Chronic pancreatitis is defined as a continuous or relapsing, chronic, inflammatory process of the pancreas, characterized by permanent morphologic changes and typically leads to diminishing of function. Distinction between focal pancreatitis and adenocarcinoma may be challenging because both entities may result in focal enlargement of the pancreatic head, atrophy of the tail of the pancreas and obliteration of the fat plane around the superior mesenteric artery. Ductal adenocarcinoma arising in the pancreatic head may cause obstruction of the CBD and pancreatic duct, with the MRCP appearance of a “double duct sign”. This sign can be also appreciated, although less commonly, in patients with focal pancreatitis.

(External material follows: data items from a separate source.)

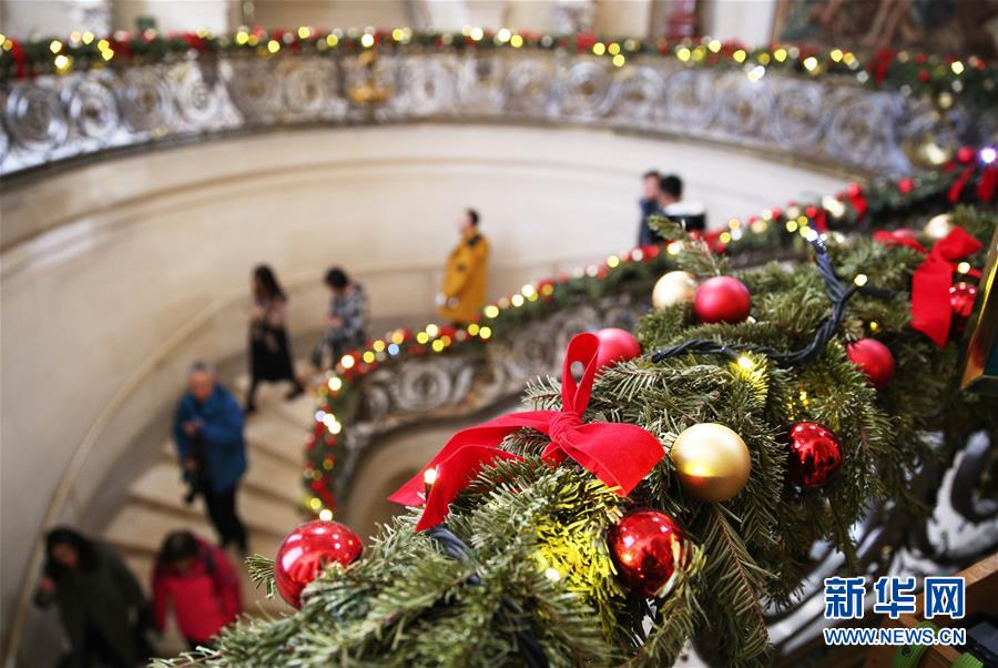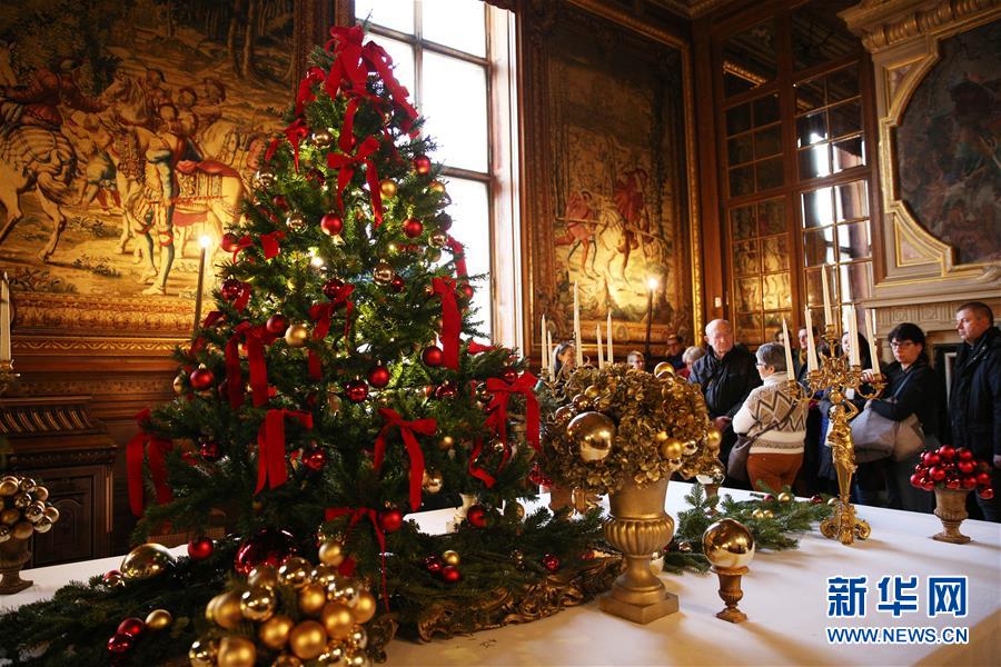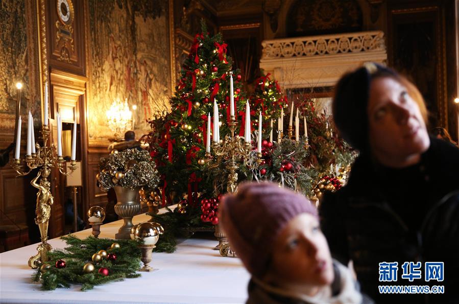12月29日,人们在法国巴黎以北的尚蒂伊城堡参观。 为庆祝圣诞季和即将到来的新年,位于巴黎以北的尚蒂伊城堡近日节日气氛浓郁,巨型的圣诞树、长约12米的节日餐桌、缤纷彩灯等将这座城堡装点得分外迷人。 新华社记者高静摄
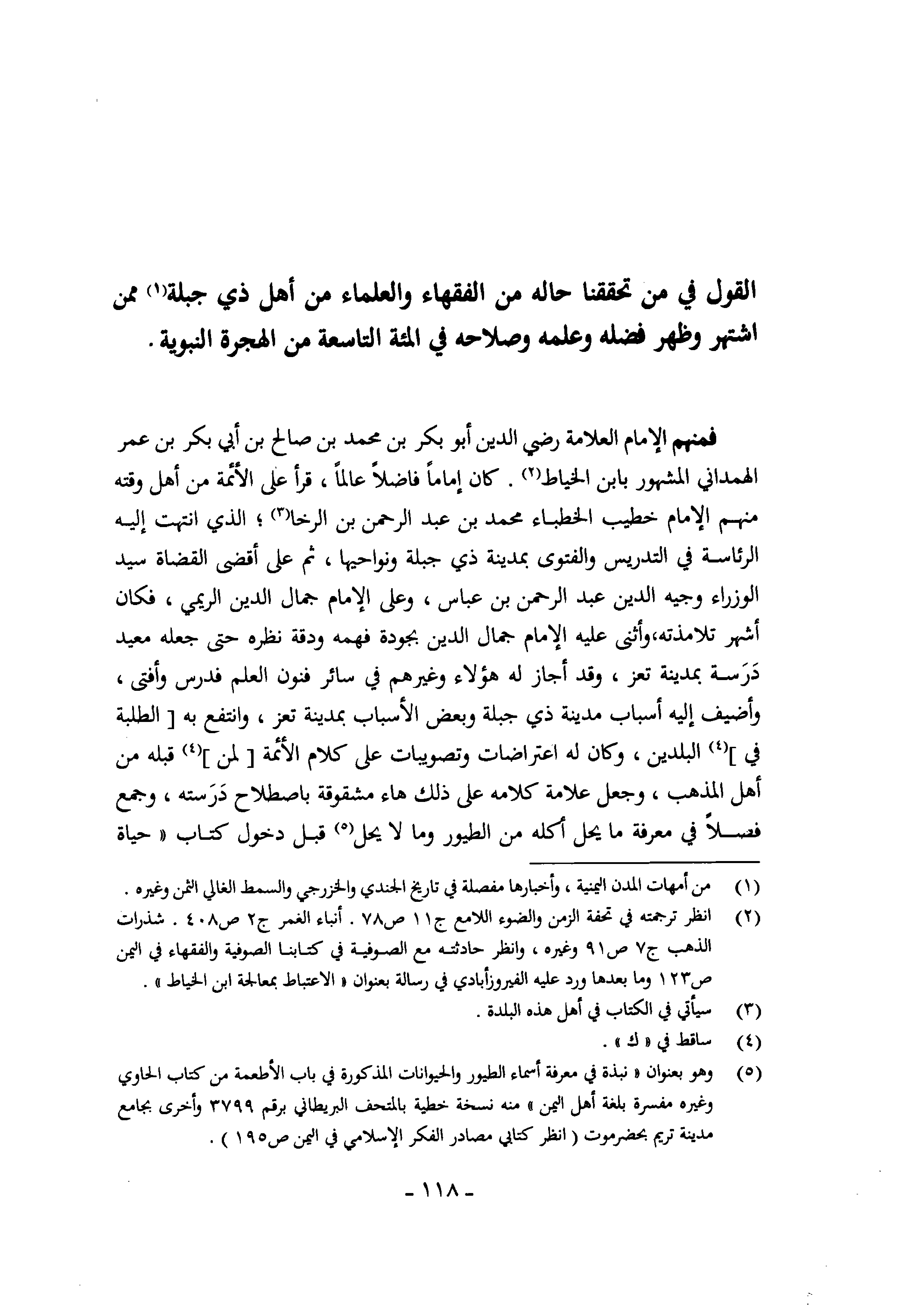 القَوْل فِي من تحققنا حَاله من الْفُقَهَاء وَالْعُلَمَاء من أهل ذِي جبلة مِمَّن اشْتهر وَظهر فَضله وَعلمه وصلاحه فِي المئة التَّاسِعَة من الْهِجْرَة النَّبَوِيَّة
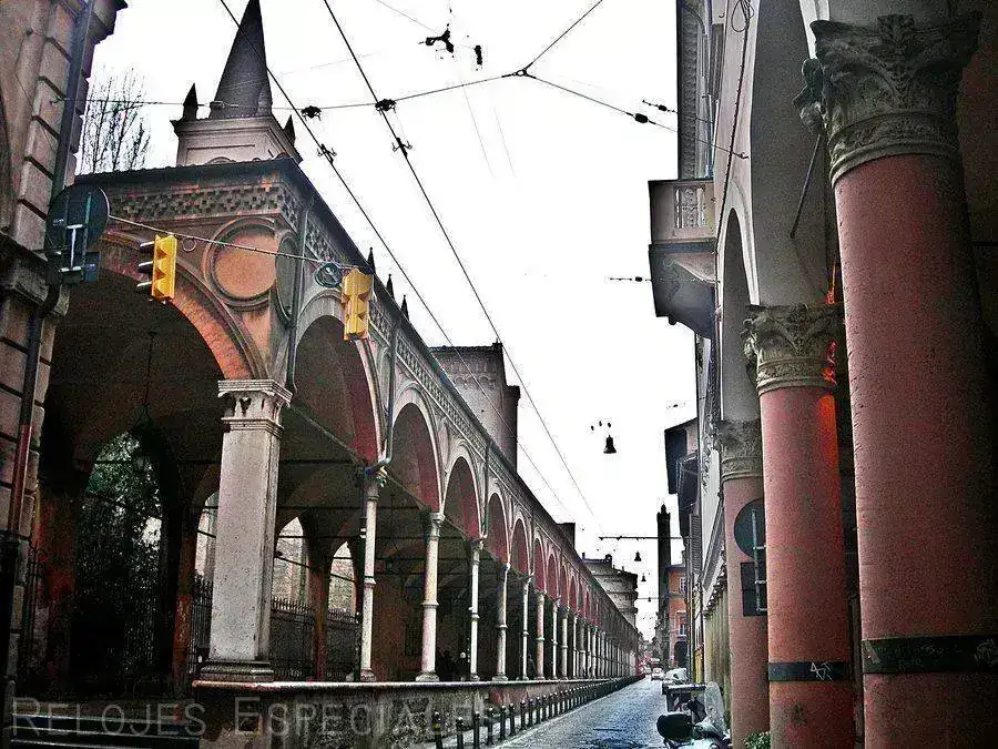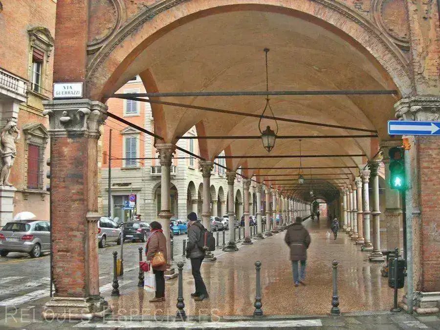 )Otra característica de Bolonia aparte de ser una sede universitaria de primer orden con bares (y bibliotecas) llenos de estudiantes de distintos países son sus casas porticadas. Hizo un día de perros con nevada incluida, pero gracias a los largos tramos cubiertos lo salvé con un mínimo de inconvenientes.
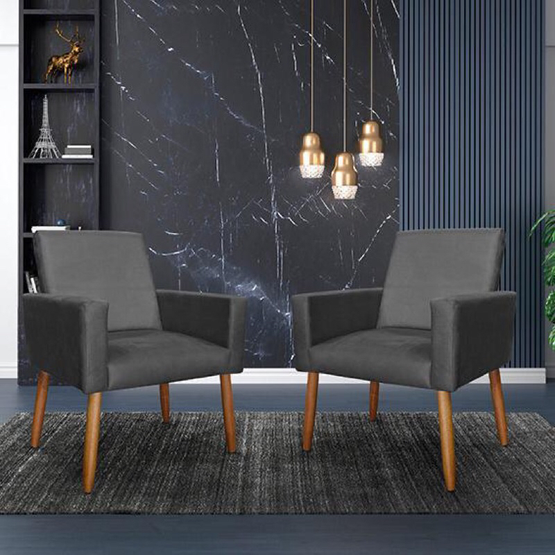 kit NINA 2 poltrana Decorativa pés palito CINZA
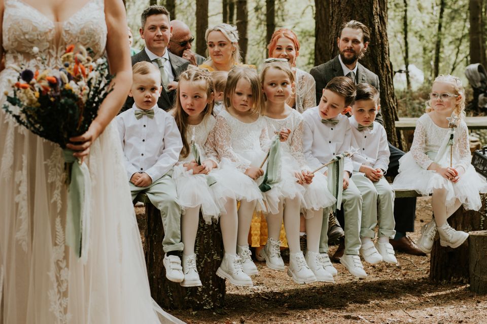 A wedding weekend at Camp Katur near York. Forest ceremony, glamping with friends, a bonfire the night before, and pizza in a wildflower-filled barn.

Focal chronic pancreatitis and adenocarcinoma may display comparable signal intensity changes of the enlarged region of pancreas on noncontrast T1- and T2-weighted images, including mild hypointensity on T1-weighted images and heterogeneous and mild hyperintensity on T2-weighted images.
On arterial phase images, focal chronic pancreatitis usually displays heterogeneous enhancement and may show signal voids from cysts and/or calcifications with no evidence of a definable mass. In this setting, the focally enlarged region of the pancreas preserve the glandular feathery texture, comparable to the remaining pancreas[37]. Conversely, in ductal adenocarcinoma, the focally enlarged region of the pancreas loses its usual anatomic detail.
Diffuse low T1 signal intensity and hypovascularity of the entire pancreas, including the region of focal enlargement, are distinctive for chronic pancreatitis. In the setting of ductal adenocarcinoma, the tumor enhances less than the adjacent chronically inflamed pancreatic parenchyma[38].
Several features favor a diagnosis of focal pancreatitis, including: (1) non-dilated or smoothly tapering pancreatic and bile ducts coursing through the mass (“duct penetrating sign”)[38]; (2) parenchymal calcifications (seen as signal voids); (3) pancreatic duct beading and varying caliber; and (4) side branch dilatation. Instead, abrupt interruption of a smoothly dilated main pancreatic duct, minimal side-branch dilatation, upstream pancreatic atrophy and a high ratio of duct caliber to the pancreatic gland width are features typically observed in adenocarcinoma (Figure 2)[39].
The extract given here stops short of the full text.